If I don’t use word boundaries, replaceRE works for me. I’m not sure if it should do that?
If I run the following through an validator, they all match my word ‘References:’ and the remainder of the string:
\bReferences: \b.*$
\bReferences:.*$
But these don’t do something in Hugo. Instead, I need to use:
References: .*$
References:.*$ (or References:.* simplified).
Please let me know if I misunderstood replaceRE (then I need to do some more studying).
replaceRE works odd from my standpoint:
{{ .Plain | replaceRE "References:.*" "" }}
–> only replaces the word ‘References:’ but not any of the characters following that (despite .*).
{{ "copy paste of the article content here" | replaceRE "References:.*" "" }}
–> replaces the word ‘References:’ and anything after that till the end of the string.
From my understanding, replaceRE doesn’t behave consistently. (Or perhaps by design?)
Hugo uses the Go regular expression package which uses the re2 syntax. This is notpcre or javascript, so whatever syntax validator you’re using online may have some differences.

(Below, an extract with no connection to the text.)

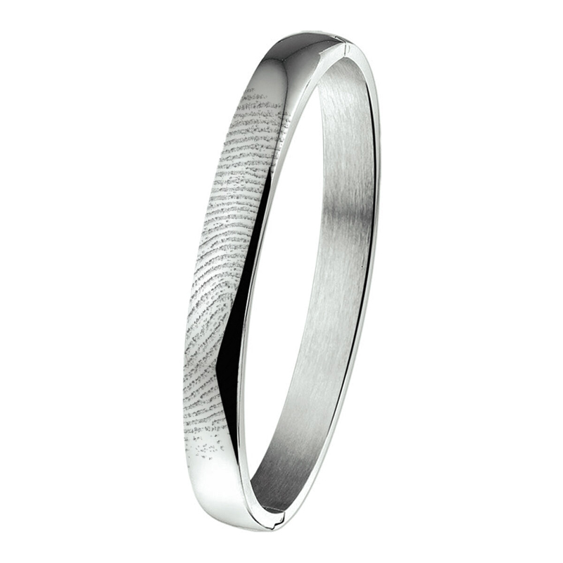 Deze RVS armband met vingerafdruk vormt een wel heel bijzondere manier om uw liefde uit te drukken. Op de scharnierarmband wordt met een laser een afbeelding van een vingerafdruk, handpalm, dierenpoot of babyhandje of –voetje gegraveerd. Door de toevoeging van de afdruk wordt de armband een blijvende herinnering aan een geliefde of dierbare. De scharnierarmband is verkrijgbaar in 2 maten en sluit met een scharnier en klemslot.

I suspect your problem is that you are trying to match a multi-line input string and need to turn on the multi-line flag with (?m). See this Go playground for an example of using the flag and what’s happening inside of Hugo.
Thanks @moorereason for the clarification and additional information. I didn’t realise that Hugo used a specific regex for this.
I’m a bit closer to the solution but not fully there yet. With an online regex tester for Go I verified that both (?m)(\bReferences:.*$) and (\bReferences:.*$) are valid regex matches for my content.
To see why, I used the Go playground example and set the input variable to output of .Plain | htmlEscape. And there it works; ‘References:’ and everything that follows after that word is replaced by ‘wordNotInTextNatively’.
But in Hugo, it doesn’t work; no error and the text from ‘References:’ onward is not replaced.
I’m using:
PS I:\site> hugo env
Hugo Static Site Generator v0.18.1 BuildDate: 2016-12-30T10:03:28+01:00
GOOS="windows"
GOARCH="amd64"
GOVERSION="go1.7.4"
Thanks @moorereason! With that, and your comment on Github saying that “the Go . pattern doesn’t match newlines. You have to pass the s flag to the group.” I completed my regex.